● **WHAT YOU HAVE TO DO**
From the first line to the last, print the material exactly, skipping the pictures.

● **AVAILABLE DATA**

* * * * *

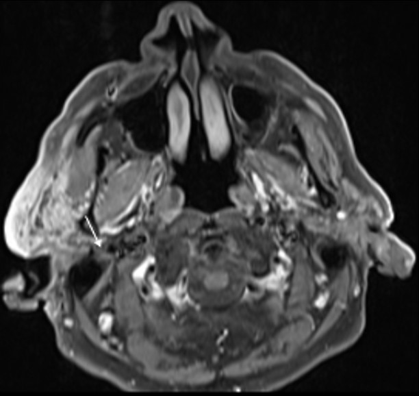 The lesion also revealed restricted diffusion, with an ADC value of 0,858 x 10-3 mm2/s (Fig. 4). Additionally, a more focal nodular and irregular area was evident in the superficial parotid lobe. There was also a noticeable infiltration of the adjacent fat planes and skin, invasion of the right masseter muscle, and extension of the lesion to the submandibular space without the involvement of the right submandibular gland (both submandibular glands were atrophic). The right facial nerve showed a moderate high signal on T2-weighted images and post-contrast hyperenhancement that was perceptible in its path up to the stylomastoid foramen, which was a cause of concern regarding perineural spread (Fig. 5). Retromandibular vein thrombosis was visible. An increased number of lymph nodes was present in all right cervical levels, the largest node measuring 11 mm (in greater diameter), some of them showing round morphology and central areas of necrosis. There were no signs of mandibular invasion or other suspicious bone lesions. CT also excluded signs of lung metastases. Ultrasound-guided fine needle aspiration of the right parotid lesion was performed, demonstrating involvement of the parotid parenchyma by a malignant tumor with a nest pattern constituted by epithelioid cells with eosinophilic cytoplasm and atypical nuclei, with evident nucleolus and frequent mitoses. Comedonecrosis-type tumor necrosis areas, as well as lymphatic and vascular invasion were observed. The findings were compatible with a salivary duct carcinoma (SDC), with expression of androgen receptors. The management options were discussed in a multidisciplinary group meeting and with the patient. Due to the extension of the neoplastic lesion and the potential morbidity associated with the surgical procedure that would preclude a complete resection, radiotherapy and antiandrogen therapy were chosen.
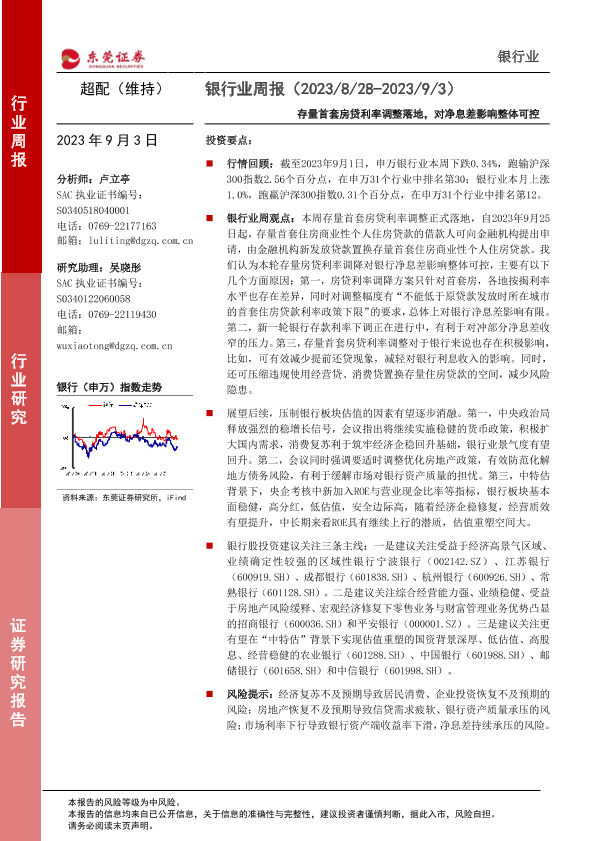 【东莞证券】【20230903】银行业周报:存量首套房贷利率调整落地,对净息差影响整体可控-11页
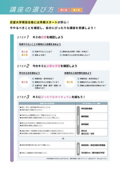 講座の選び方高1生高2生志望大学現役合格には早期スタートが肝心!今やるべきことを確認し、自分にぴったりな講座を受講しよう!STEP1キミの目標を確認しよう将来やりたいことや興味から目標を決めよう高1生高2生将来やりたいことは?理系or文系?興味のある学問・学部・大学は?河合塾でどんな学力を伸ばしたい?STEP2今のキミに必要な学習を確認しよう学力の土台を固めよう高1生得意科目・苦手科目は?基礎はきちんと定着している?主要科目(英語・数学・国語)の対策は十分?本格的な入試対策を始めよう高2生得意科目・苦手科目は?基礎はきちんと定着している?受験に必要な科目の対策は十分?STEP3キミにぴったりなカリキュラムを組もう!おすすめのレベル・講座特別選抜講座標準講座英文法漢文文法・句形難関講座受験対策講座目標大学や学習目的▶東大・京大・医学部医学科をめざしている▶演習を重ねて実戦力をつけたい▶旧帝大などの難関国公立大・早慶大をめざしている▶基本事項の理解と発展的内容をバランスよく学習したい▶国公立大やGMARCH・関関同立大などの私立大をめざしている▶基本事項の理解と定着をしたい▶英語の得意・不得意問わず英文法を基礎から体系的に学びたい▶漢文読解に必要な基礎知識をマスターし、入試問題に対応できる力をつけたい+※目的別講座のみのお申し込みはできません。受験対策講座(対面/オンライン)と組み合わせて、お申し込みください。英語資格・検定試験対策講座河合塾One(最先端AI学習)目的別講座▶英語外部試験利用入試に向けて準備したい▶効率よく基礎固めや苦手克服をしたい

* * * * *

● **TASK ANSWER**
 The lesion also revealed restricted diffusion, with an ADC value of 0,858 x 10-3 mm2/s (Fig. 4). Additionally, a more focal nodular and irregular area was evident in the superficial parotid lobe. There was also a noticeable infiltration of the adjacent fat planes and skin, invasion of the right masseter muscle, and extension of the lesion to the submandibular space without the involvement of the right submandibular gland (both submandibular glands were atrophic). The right facial nerve showed a moderate high signal on T2-weighted images and post-contrast hyperenhancement that was perceptible in its path up to the stylomastoid foramen, which was a cause of concern regarding perineural spread (Fig. 5). Retromandibular vein thrombosis was visible. An increased number of lymph nodes was present in all right cervical levels, the largest node measuring 11 mm (in greater diameter), some of them showing round morphology and central areas of necrosis. There were no signs of mandibular invasion or other suspicious bone lesions. CT also excluded signs of lung metastases. Ultrasound-guided fine needle aspiration of the right parotid lesion was performed, demonstrating involvement of the parotid parenchyma by a malignant tumor with a nest pattern constituted by epithelioid cells with eosinophilic cytoplasm and atypical nuclei, with evident nucleolus and frequent mitoses. Comedonecrosis-type tumor necrosis areas, as well as lymphatic and vascular invasion were observed. The findings were compatible with a salivary duct carcinoma (SDC), with expression of androgen receptors. The management options were discussed in a multidisciplinary group meeting and with the patient. Due to the extension of the neoplastic lesion and the potential morbidity associated with the surgical procedure that would preclude a complete resection, radiotherapy and antiandrogen therapy were chosen.
 【东莞证券】【20230903】银行业周报:存量首套房贷利率调整落地,对净息差影响整体可控-11页
 講座の選び方高1生高2生志望大学現役合格には早期スタートが肝心!今やるべきことを確認し、自分にぴったりな講座を受講しよう!STEP1キミの目標を確認しよう将来やりたいことや興味から目標を決めよう高1生高2生将来やりたいことは?理系or文系?興味のある学問・学部・大学は?河合塾でどんな学力を伸ばしたい?STEP2今のキミに必要な学習を確認しよう学力の土台を固めよう高1生得意科目・苦手科目は?基礎はきちんと定着している?主要科目(英語・数学・国語)の対策は十分?本格的な入試対策を始めよう高2生得意科目・苦手科目は?基礎はきちんと定着している?受験に必要な科目の対策は十分?STEP3キミにぴったりなカリキュラムを組もう!おすすめのレベル・講座特別選抜講座標準講座英文法漢文文法・句形難関講座受験対策講座目標大学や学習目的▶東大・京大・医学部医学科をめざしている▶演習を重ねて実戦力をつけたい▶旧帝大などの難関国公立大・早慶大をめざしている▶基本事項の理解と発展的内容をバランスよく学習したい▶国公立大やGMARCH・関関同立大などの私立大をめざしている▶基本事項の理解と定着をしたい▶英語の得意・不得意問わず英文法を基礎から体系的に学びたい▶漢文読解に必要な基礎知識をマスターし、入試問題に対応できる力をつけたい+※目的別講座のみのお申し込みはできません。受験対策講座(対面/オンライン)と組み合わせて、お申し込みください。英語資格・検定試験対策講座河合塾One(最先端AI学習)目的別講座▶英語外部試験利用入試に向けて準備したい▶効率よく基礎固めや苦手克服をしたい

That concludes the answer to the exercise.